Dynamic visual acuity testing

The DVA test was prepared as described in Verbecque et al.²² Full technical details of the DVA assessment and setup can also found in Herssens et al.¹² Here, we detail only the parts of the assessment relevant for the gait assessment. Revised 2000 Series EDTRS charts with Sloan letters (CDHKNORSVZ) were used with rows of five randomly chosen letters. LogMAR scale and notation were used. Each participant read the optotypes aloud to determine the visual acuity and started reading at the 0.4 logMAR line. Whenever the participant was unable to read all optotypes correctly, they were instructed to read the line above (0.5 logMAR), which was repeated until all optotypes on the same line were read correctly. Otherwise, the participant had to read lines with decreasing optotype size until >2 optotypes were missed on a single line. The assessment began with determining static visual acuity while participants stood still on the treadmill keeping their head still. Following this, DVA was assessed while walking on the treadmill at 2, 4 and 6 km/h. The speed conditions were non-randomized, and the participants were allowed a familiarization period of 1 minute for each walking speed. As a result of the nature of the DVA assessment, there was not a standardized number of minutes or steps walking. The test procedure was stopped if the participant or researcher felt that they could not complete the walking speed trial safely. The participants wore a safety harness attached to an overhead frame to avoid falls while standing and walking on the treadmill. Participants were strongly encouraged not to use the treadmill handrails and if handrail use was deemed to be too much by the researcher, indicating that the participant could not walk safely without support, then the testing was stopped for that walking speed.

Data processing

An 8-camera motion capture system (Vicon T10, 100 Hz., Vicon Motion Systems Ltd., Oxford, UK) was used to track reflective markers placed on anatomical landmarks of the participants’ body, corresponding to the left and right hallux, lateral malleolus, major trochanter, the sacrum and C7. The motion capture data was processed in as similar a manner as possible to our previous dedicated gait analysis,¹⁰ the major difference being a lack of force plate in the treadmill. Specifically, marker data were filtered using a low-pass second-order Butterworth filter (zero-phase) with a 12 Hz cut-off frequency.

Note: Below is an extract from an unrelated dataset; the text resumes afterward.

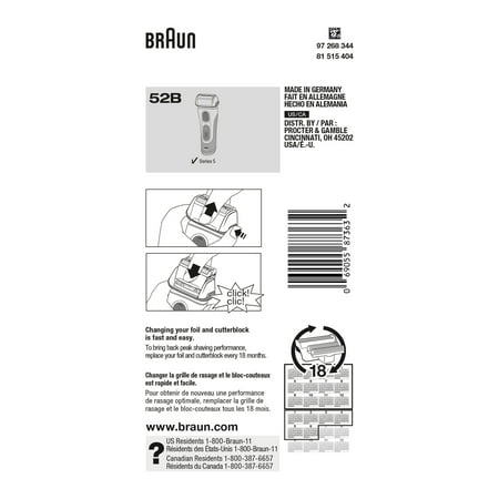 To maintain your best shave, we recommend replacing the shaver head every 18 months Made in Germany By routinely replacing your shaver head, your shaver will stay at peak performance for years One small investment, and your shaver is reset to new Over 18 months your Braun electric shaver will cut over 6,000,000 hairs, gradually reducing cutting performance 52B Silver 0.05 lb

Heel strike and toe off were determined using the method of Zeni et al.²³ The spatiotemporal gait parameters of interest were step length (anteroposterior distance between the hallux markers at foot touchdown), step time (time from touchdown of one foot to touchdown of the next foot), step width (mediolateral distance between the hallux markers at foot touchdown) and double support time (time spent with both feet on the ground). Means and coefficients of variation (CoV) were determined for each speed for each participant.

Statistics

To assess the effect of walking speed on the gait parameters, mixed-effects analyses with walking speed as a repeated measures factor with Geisser-Greenhouse sphericity correction were conducted, with Bonferroni-corrected pairwise comparisons (p values of the pairwise comparisons are displayed in their corrected form). The threshold for statistical significance was set at p = .05. Analyses were conducted using GraphPad Prism version 10.1.1 for Windows (GraphPad Software, Boston, Massachusetts USA, https://www.graphpad.com). Results were also compared visually with those of our previous study¹⁰ by overlaying the results on the same figure (see Figures 1 and 2). Note that direct statistical comparison of the current and previous study was not done since the walking speeds used differed.

Figure 1.

Boxplots (median, interquartile range and 5^th to 95^th percentiles) of the mean values of the spatiotemporal gait variables for the current data collected during the DVA assessment (dark blue; 2 km/h, 4 km/h and 6 km/h [0.56 m/s, 1.11 m/s and 1.67 m/s, respectively]) and for data collected during a dedicated gait analysis from our previous study (light grey¹⁰).

Figure 2.

Boxplots (median, interquartile range and 5^th to 95^th percentiles) of the coefficient of variation values of the spatiotemporal gait variables for the current data collected during the DVA assessment (dark blue; 2 km/h, 4 km/h and 6 km/h [0.56 m/s, 1.11 m/s and 1.67 m/s, respectively]) and for data collected during a dedicated gait analysis from our previous study (light grey¹⁰).

Results

The mixed-effects analyses revealed significant effects of walking speed on the mean values of step length, step time and double support time (all p < .0001 with significant [p < .0001] pairwise comparisons between all walking speeds for all three parameters) but not step width (p = .373). The mixed-effects analyses revealed significant effects of walking speed on the CoV of all parameters (all p < .01 with significant [p < .05] pairwise comparisons between all walking speeds for step length, double support time and step width, and between 6 km/h and the other two speeds for step time). Complete results are shown in Tables 2 and 3.

Table 2.

Results of the mixed-effects models of walking speed on the gait parameters.

	p-Value	F (DFn, DFd)	Geisser–Greenhouse’s epsilon
Step time means	<0.0001	F (1.124, 14.05) = 136.1	0.5622
Step length means	<0.0001	F (1.859, 23.23) = 722.3	0.9293
Double support time means	<0.0001	F (1.025, 12.81) = 245.6	0.5123
Step width means	0.3729	F (1.240, 15.50) = 0.9235	0.6199
Step time CoV	0.0005	F (1.693, 21.16) = 12.28	0.8463
Step length CoV	<0.0001	F (1.533, 19.16) = 20.73	0.7666
Double support time CoV	0.0006	F (1.553, 19.41) = 12.71	0.7763
Step width CoV	0.0024	F (1.414, 17.67) = 10.32	0.7069

Table 3.

Results of the pairwise comparisons between walking speed conditions.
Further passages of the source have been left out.